I worked in Indonesia (Sumatra) in 1963. Air transport shut down then for long periods due to burnoff smoke. I was stuck near Palembang for a month, trying to get out. Finally went by train and inter-island ferry to Java.
I don’t think that was palm oil driven then. Just a traditional land clearing process.
Ed Thurstan

Hoser
August 27, 2013 5:20 pm

More of a comment on consumer mentality: How many moms would stop buying products made with canola oil if they knew is was actually rapeseed oil?
CANadian Oil Low Acid

John F. Hultquist
August 27, 2013 6:18 pm

Hoser says:
August 27, 2013 at 5:20 pm

Moms, Canola, rapeseed?
Do you mean this lovely plant?
http://farm4.static.flickr.com/3211/2676326824_77eb8a7512.jpg
I do the shopping and I’ve know the history of the plant since about 1978 after seeing a field and visiting with the farmer growing it. I have used it ever since.

Les Francis
August 27, 2013 6:45 pm

The soils of Sumatera and Kalimantan (Borneo) are very poor except in the volcanic areas.
Riau has very poor soil.
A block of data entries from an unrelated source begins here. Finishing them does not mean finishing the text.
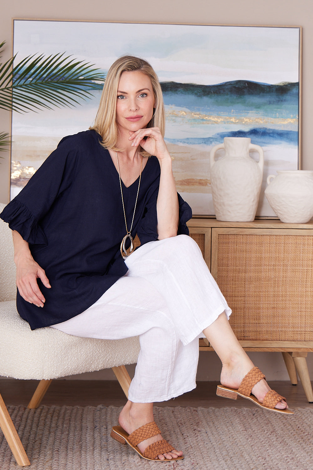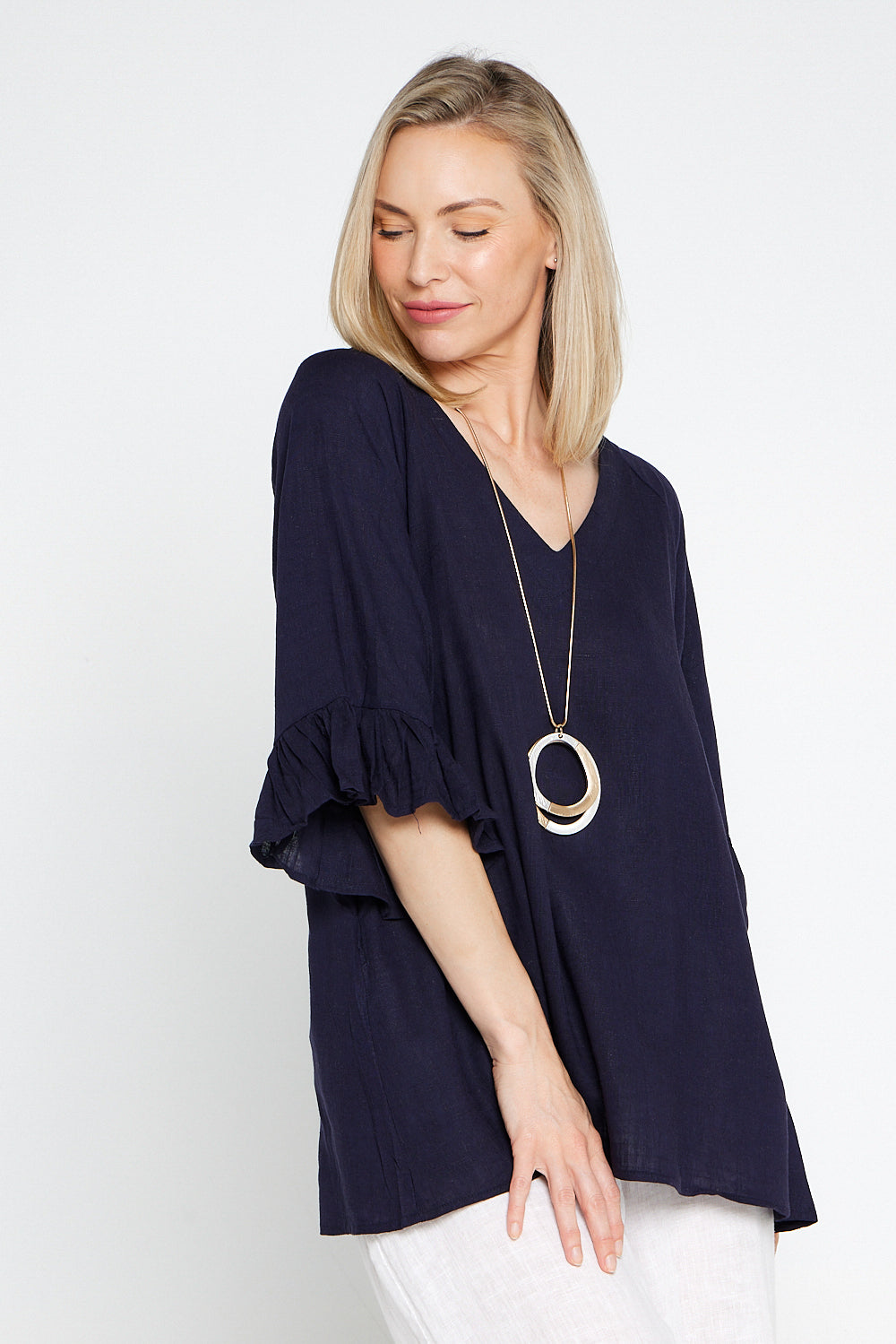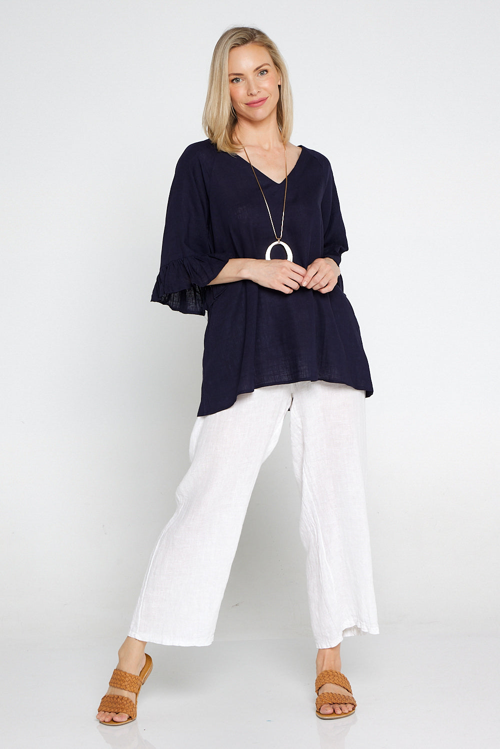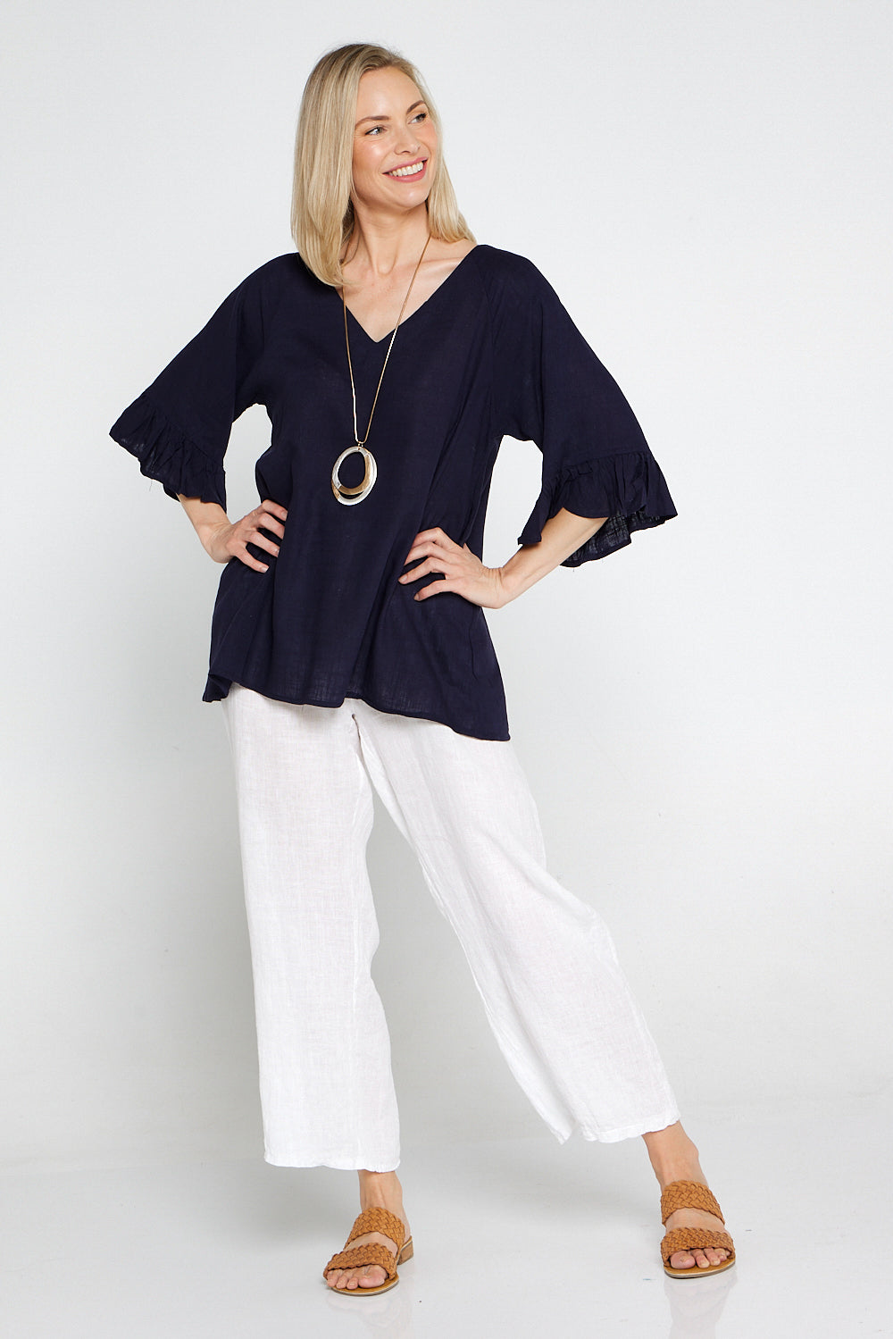 The beautifully feminine Samar Top now comes in a timeless and versatile shade of navy.
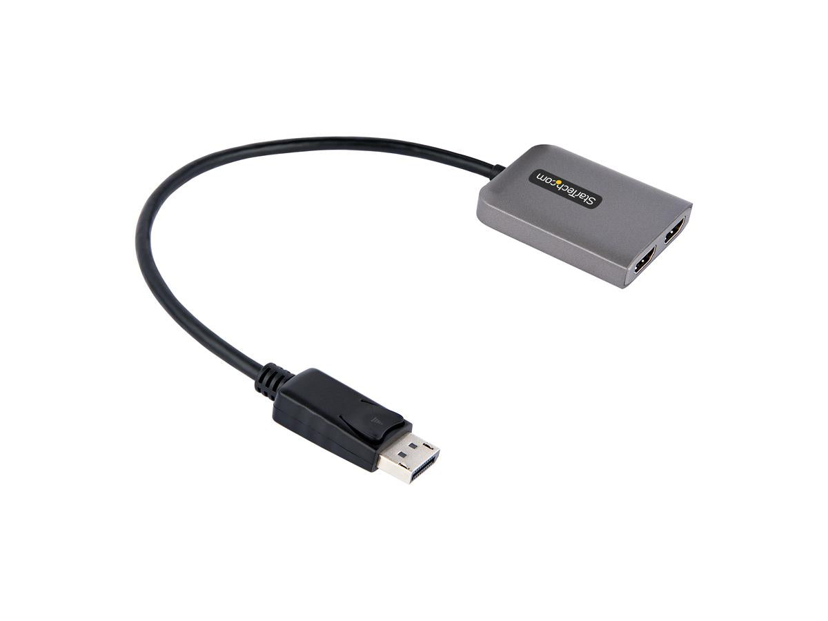 StarTech.com DP to Dual HDMI MST HUB, Dual HDMI 4K 60Hz, DisplayPort Multi Monitor Adapter with 1ft (30cm) Cable, DP 1.4 Multi Stream Transport Hub, DSC | HBR3, DP to 2x HDMI Ports - DP to HDMI Splitter (MST14DP122HD) - Adapter - DisplayPort male to HDMI female - gray
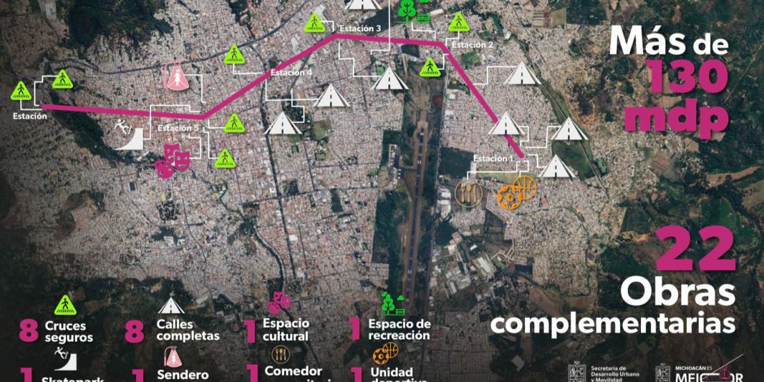 Entre las obras complementarias destacan ocho cruces seguros, ocho calles completas, un espacio de recreación, un skatepark, un sendero seguro, un comedor comunitario y una unidad deportiva.
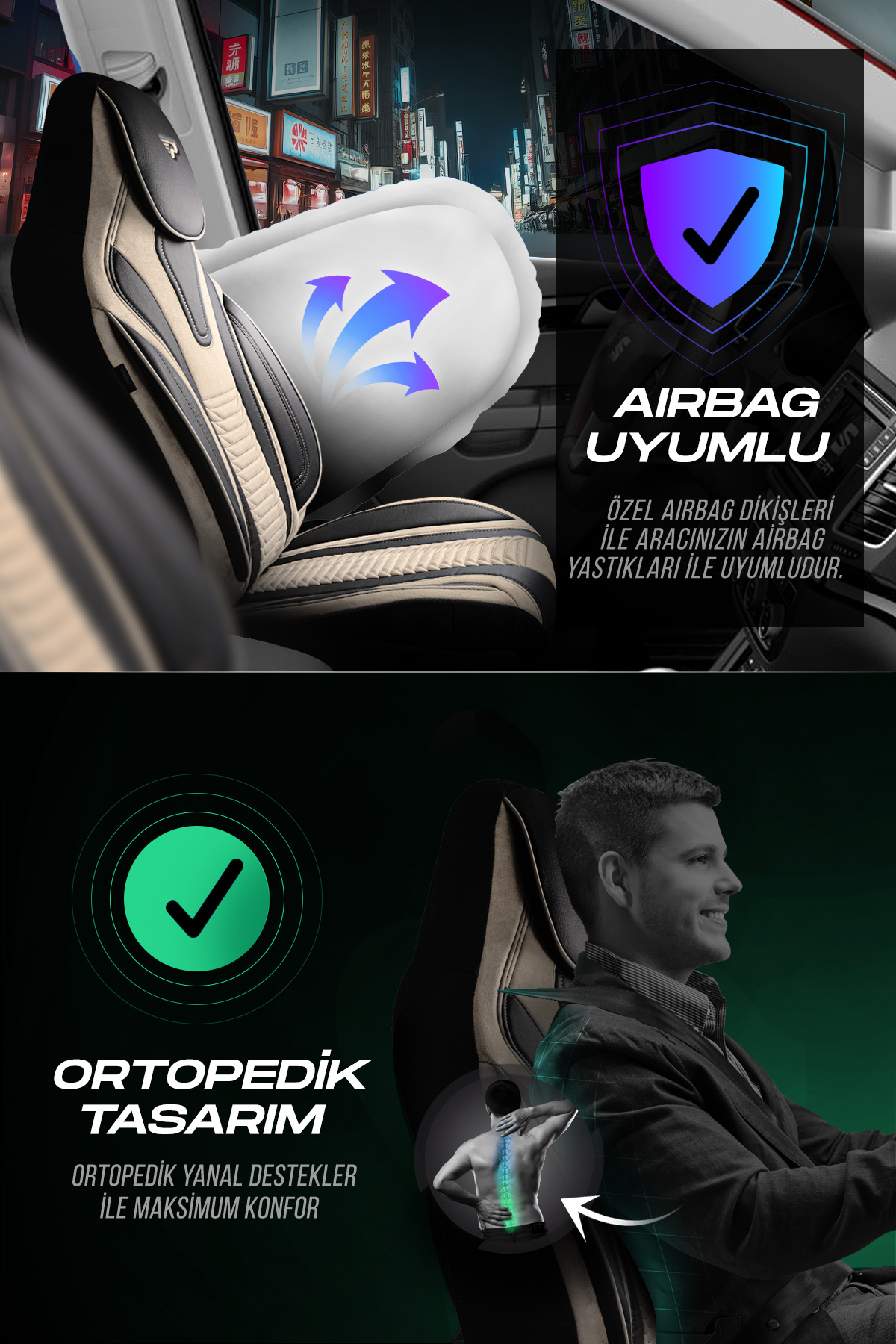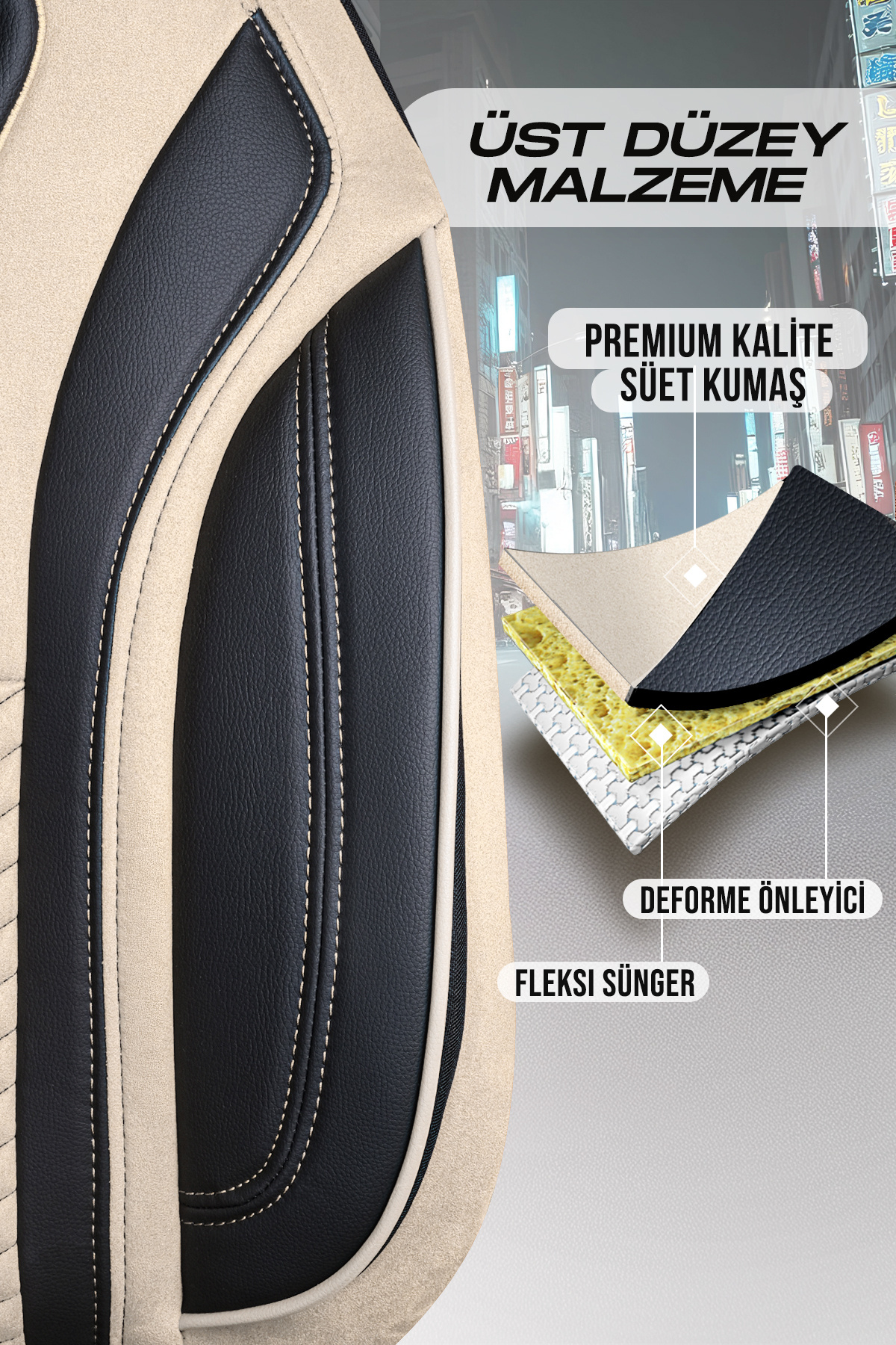 Panda Tokyo Serisi Süet Ve Deri Kumaş Lüks Oto Koltuk Kılıfı - Tam Set Panda Tokyo Serisi Süet Ve Deri Kumaş Lüks Oto Koltuk Kılıfı - Tam Set 1020.09 تک سایز
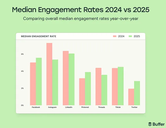 Social Media Engagement 2025: Instagram, LinkedIn & Threads Decline – Buffer Report
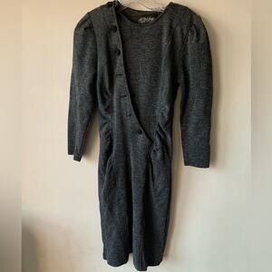Well done vintage All That Jazz 1980s power mini dress in a soft textured knit. This style features shoulder pads, asymmetrical buttons & long sleeves. Style with pants or a sheer satin skirt beneath for a fun layering moment.
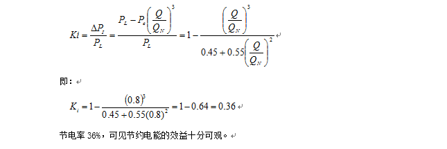 循環(huán)泵變頻調速后,所有的閥門(mén)開(kāi)度最大,系統的阻力最小,當平均流量是設計流量的80%時(shí),節電率可按GB12497《三相異步電動(dòng)機經(jīng)濟運行》強制性國家標準實(shí)施監督指南中的計算公式計算:
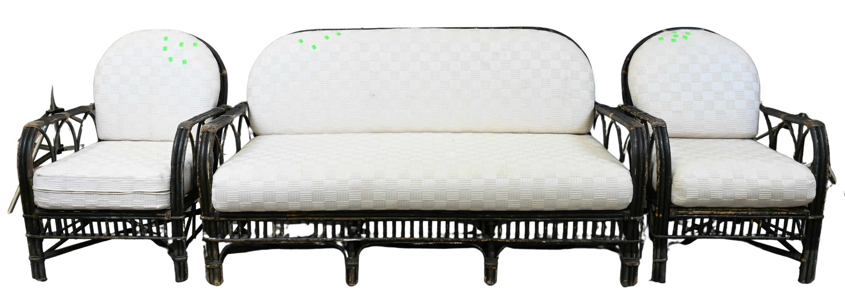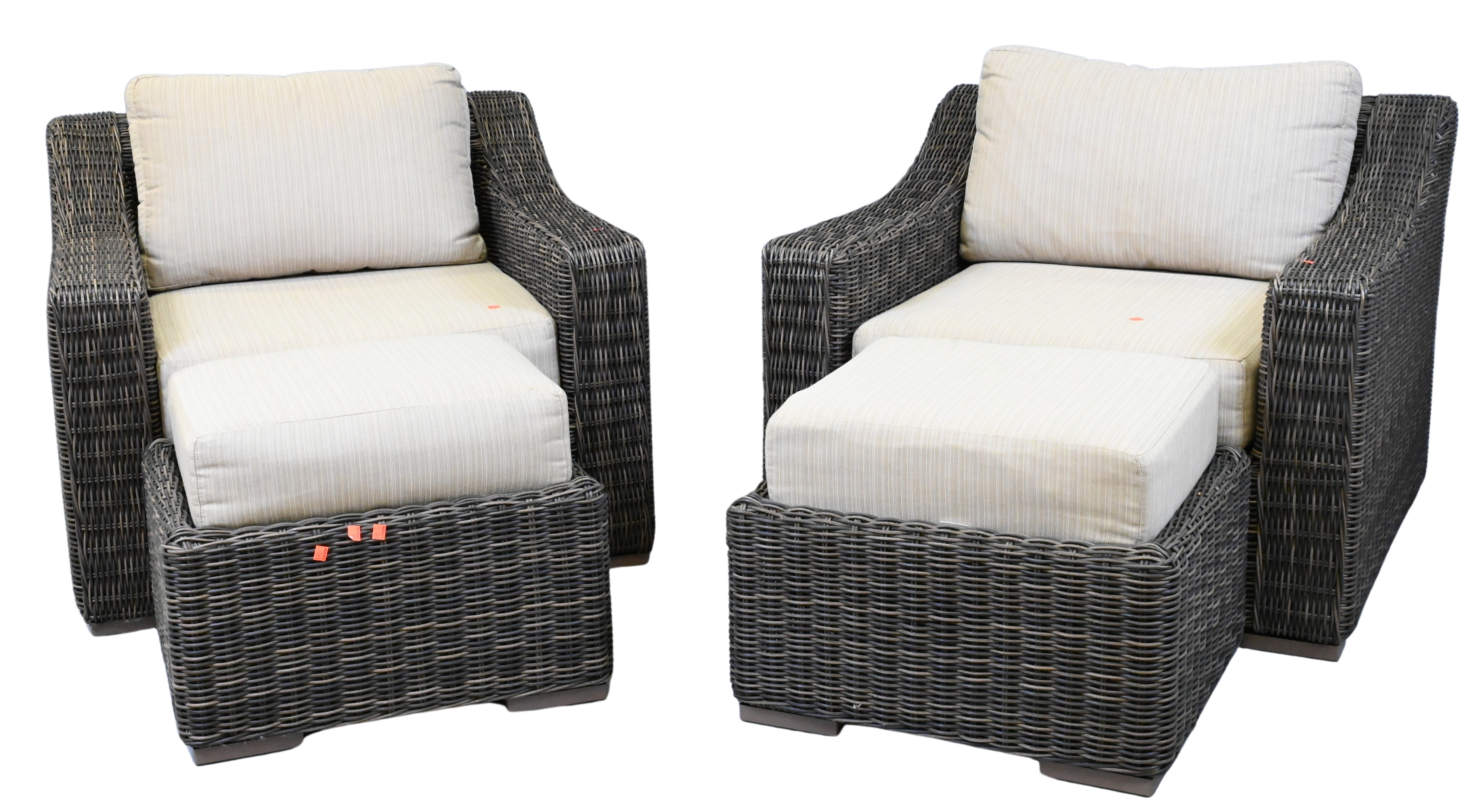 with Sunbrella upholstered cushions, sofa, pair of armchairs, pair of ottomans and metal coffee table
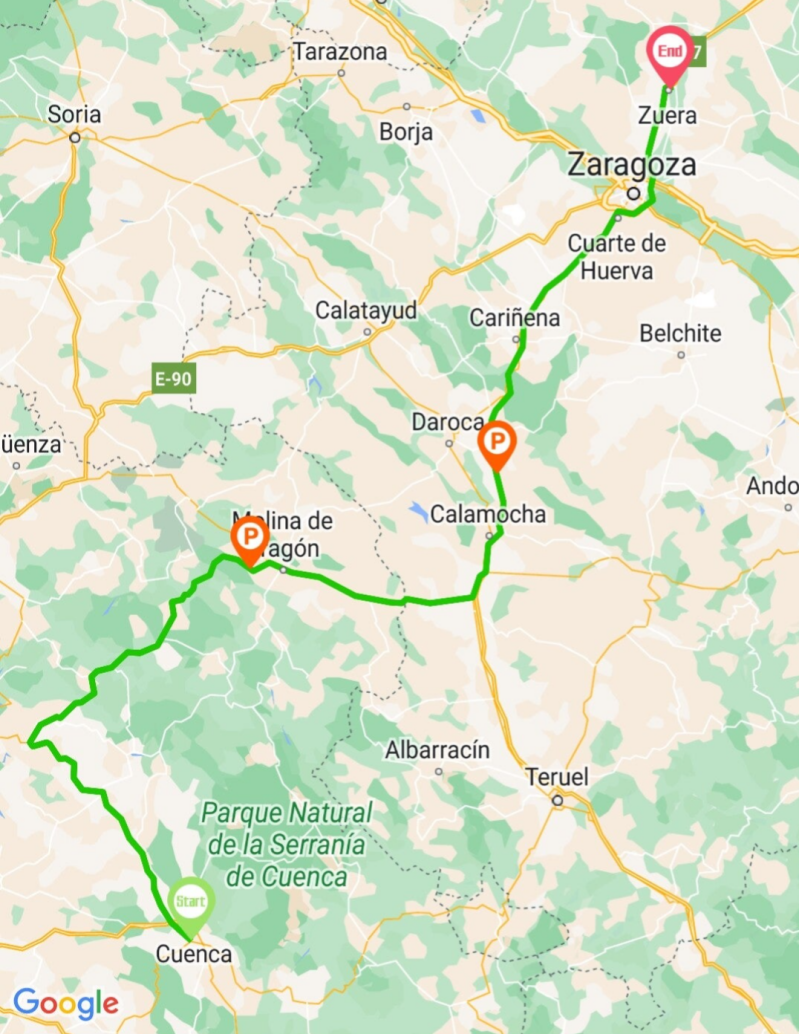Deze dag vroeg vertrokken richting Zaragoza via de N320, een mooie weg met mooie groene heuvels en veel roze bloeiende amandel bloesem.
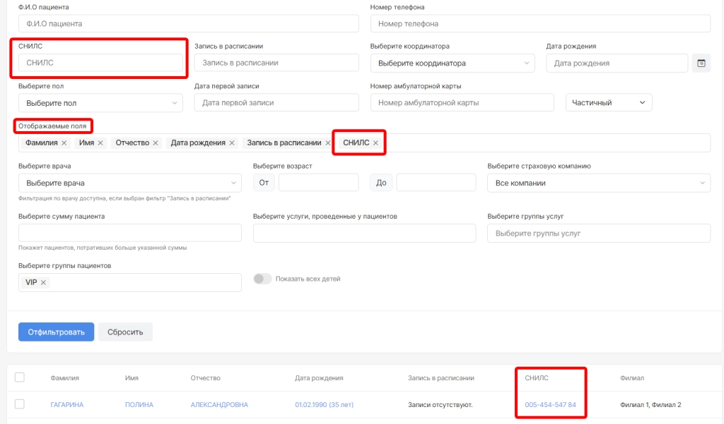 6. Добавили новое поле фильтрации и соответствующую колонку “СНИЛС” в модуль “Список пациентов”
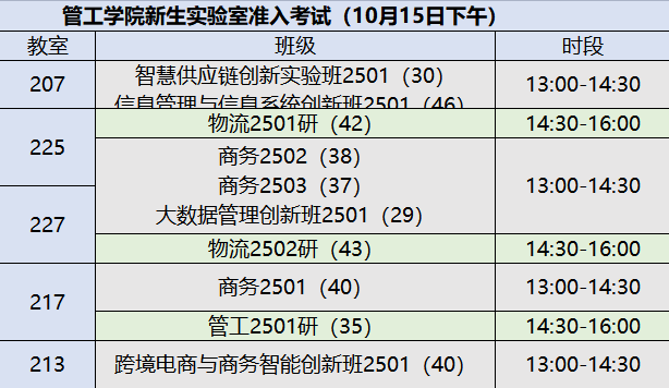 根据实验室安全工作部署,学院定于2025年10月15日(第5周周三)下午,在学院实验室进行2025级新生实验室准入考试。请各位同学认真学习《91视频 实验室安全手册》,了解学校相关规章制度,也可通过统一身份认证登录“实验室安全考试系统”进行在线学习和模拟测试,平台地址://labexam.91spcn.org。请各位同学积极备考,按时到场参加考试。具体时间及场地安排如下:

The tropical rainforests were built up over a period of thousands of years. The roots of large tropical rain forest trees such as Teak and Mahogany were buried in a layer of peat that had built over thousands of years. The tropical rain forests generated their own sticky humid wet local weather. Years ago, flying low over the rain forests you could see that the bottom of the large trees were resting in wet swamp.
The tropical rain forest trees were harvested for the Teak and Mahogany. Years ago a U.N. introduced Green ban on the export of raw logs meant that these high value woods were turned into three ply and four ply to make packing cases. (unexpected consequences).
After the marketable wood was cut down the locals would then slash and burn the resultant undergrowth to grow their cash crops. The fires caused the peat layer to burn. The peat eventually burned down to ground level where the soil was thin and not filed with nutrients.
In 1982, – 5 million hectares of Tropical rain forest burned down in East Kalimantan due to drought and slash and burn methods that got out of control. Resultant peat fires lasted for years.
In K.L. where you see the rows and rows of palm oil plantations – these were formally rubber plantations. Palm oil being much more cash effective than rubber.
Sumatran rubber plantations have been pulled out in lieu of Palm Oil.
Palm oil trees require artificial nutrition – it’s bought in. My neighbor is one of the largest importers of “Bio organic” fertilizer to Kalimantan. Palm oil leaches whatever nutrients are in the soil.
The small particles that cause the most damaging pollution in S.E. Asia comes from the burning peat.
Back in the early 2000’s the governor of the Province of North Sumatera was so concerned about the rainfall deterioration in his province that he commissioned a study by some U.S. agriculturalists and forestry experts. They concluded that so much rainforest had been cut down the prevailing weather patterns had been altered. Areas that previously received enough rainfall to sustain three crops of paddy rice a year now were only receiving enough rainfall for two crops.
That Governor started an extensive tree planting program back in 2004 – 2005.
My wife, her father, her mother and both maternal and paternal grand parents were all born on Sumatran rubber planatations. None of these rubber plantations survive they have all been converted to Palm Oil. Thne rubber plantations previously belonged to U.S., Dutch or British companies. The Palm Oil is now all in Private Indonesian hands.

thingadonta
August 27, 2013 6:46 pm

In Eastern Indonesia, there are signs everywhere that periodic burning is illegal, yet every year it goes on regardless. The locals do this for several reasons:
-they say, “to stop the trees growing back” so they can continue their herding and agriculture.
-to replenish the soil
-to stop the National Park vegetation from expanding into their villages and livelihoods.
-to destroy illegally planted vegetation by National Parks officials on their farmland.
Its been going on for centuries and wont stop, but they don’t do it in the National Parks.

Editor
August 27, 2013 6:47 pm

W. T. Menny says:
August 27, 2013 at 2:43 pm

Whether it is Palm oil or Canola: More people is bad; fewer people is good.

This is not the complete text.